The context relation of university is more complex than business world,that because fox faces fox,wisdom faces wisdom, envy faces envy.
Blackburn writes: "most philosophers hold on to Gottlob Frege's insight that numerals are adjectives rather than nouns. They deny there is a "world" of mathematical objects in any relevant sense" What? Frege thought numbers were genuinely existent "self-subsistent objects" whose "self-subsistence comes out at every turn" in arithmetic. "We should not be deterred" he added " by the fact that in the language of everyday life number appears also in attributive constructions. That can always be got round" (section 57, Austin translation). Blackburn also writes: "The upshot ought to be not dogmatic atheism, but sceptical irony. Of course, the latter is just as infuriating to those making special claims to authority, perhaps more so" Right, but who are the infuriated? As much as fundamentalist religionists, the group contains the sort of scientismist found at, for example PZ Myers's blog fawning over Dawkins.
Jennie, I don't think the author of the article anywhere claims that religious believers cannot appreciate irony in general. It seems as if you have taken some of the article's rhetoric out of context. I would also point out that the fact that Christians have historically been objects of derision and mockery does not in any way validate their beliefs in the face of such skeptical irony. It is essentially to say that my beliefs include the belief that I will be mocked for my beliefs (wow, that was inelegant), and so whenever you mock my beliefs you are only proving the validity of my beliefs. It's an absurd rhetorical trick. Furthermore, the article's intent is primarily to disarm dogmatic atheism rather than to dissuade religious believers (because the skeptical ironist recognizes the folly in such a debate).
Any belief system should be questioned and shed that lessens one's difficulty in believing the believer exists at all. The only miracle worth pausing over (as such) is one's own existence -- arising from singular egg and singular ovum of those singular predecessors of yours. My grandfather's first wife died, but for which sad occurrence . . . . Systems of belief, from religions to Nazisms, devalue the incredible gift of evolved life, and therewith equip the believer to destroy other such miracles with a clear conscience. Strenuous efforts by some such systems to restore value to life have never availed, and will never avail, to recover from the original damage. History is an unimpeachable witness.
Bravo, Simon! Shows what a real philosopher can do with a timeless question 'answered' by militants of all stripes down through the ages.
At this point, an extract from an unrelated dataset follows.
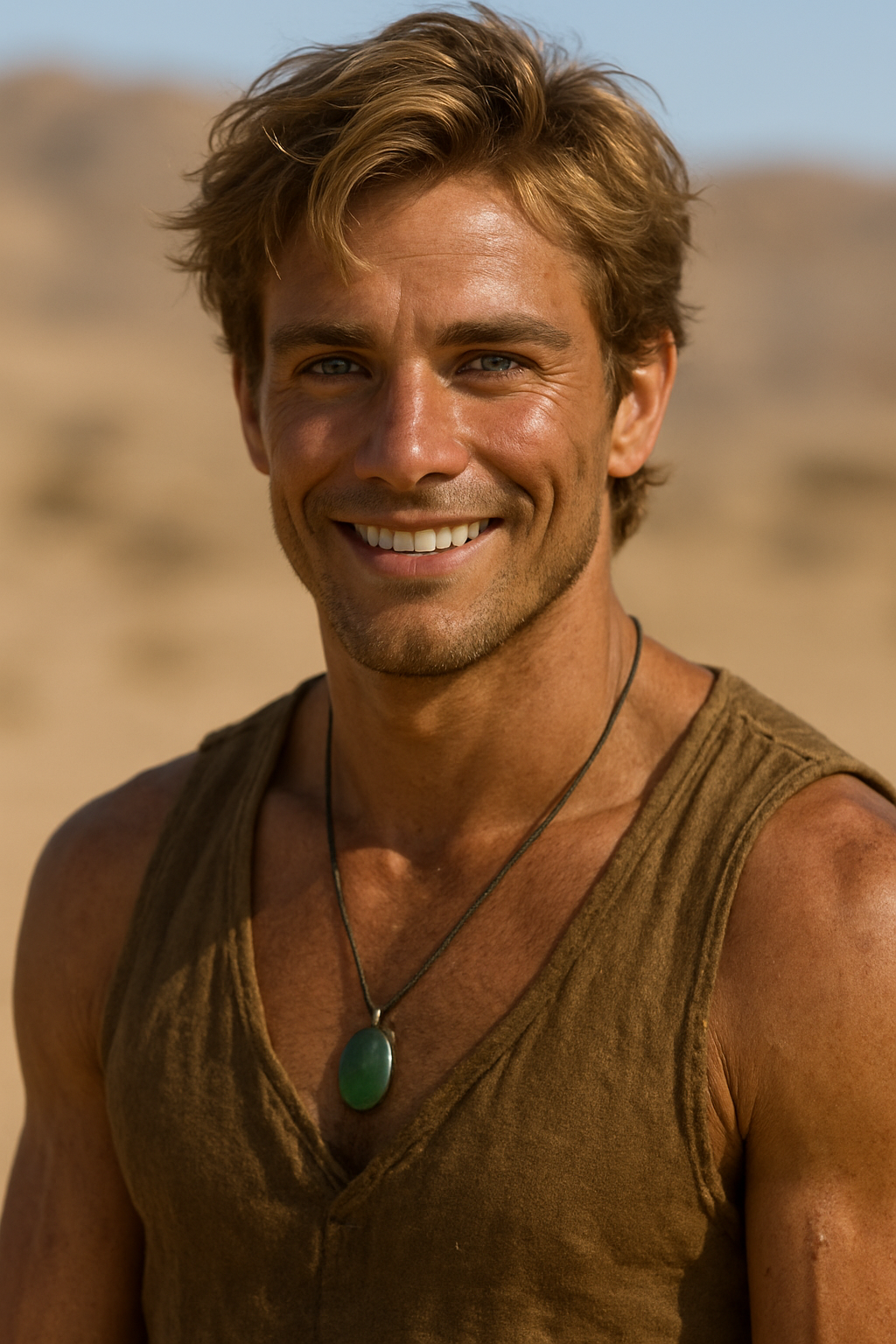 Mika is the kind of person who feels inseparable from the desert itself. He’s tall and sun-toughened, with skin weathered by wind and salt, shoulders broad from years of survival work, and hair bleached into sandy waves by the relentless Mojave sun. But what makes him unforgettable isn’t just how he looks—it’s the way he carries himself. Mika moves with a quiet certainty, as if he’s listening to things the rest of us can’t hear: shifts in the wind, whispers from plants, the warnings of storms before they arrive. There’s a gravity to him, a natural pull that makes people trust him without needing words. His emerald-green eyes hold the kind of life and abundance the salt flats deny, and when he looks at you, it feels like being seen by something both human and older than human. Mika is a protector, guide, and mystery all in one—a man both deeply grounded and just out of reach.

I wish you had named names--at least the current crop of militant atheists who claim to 'know' so much about religion without the slightest evidence that they've studied 'the enemy' in any detail--Harris/Dawkins/Dennett/Hitchens, I mean. However, I must agree with Benson Bear that you've not got Frege right. But as you rightly point out, Hume's great work lays the groundwork for the systematic study of religion as an all-to-human product, which ultimately leads to all that nineteenth-century German stuff that realizes that the critique of the earthly is hidden in the critique of heaven! And that is something that deserves consideration because it is about something really important--skeptical consideration to be sure, maintaining a sense of humor, but decidedly a more serious matter, indeed.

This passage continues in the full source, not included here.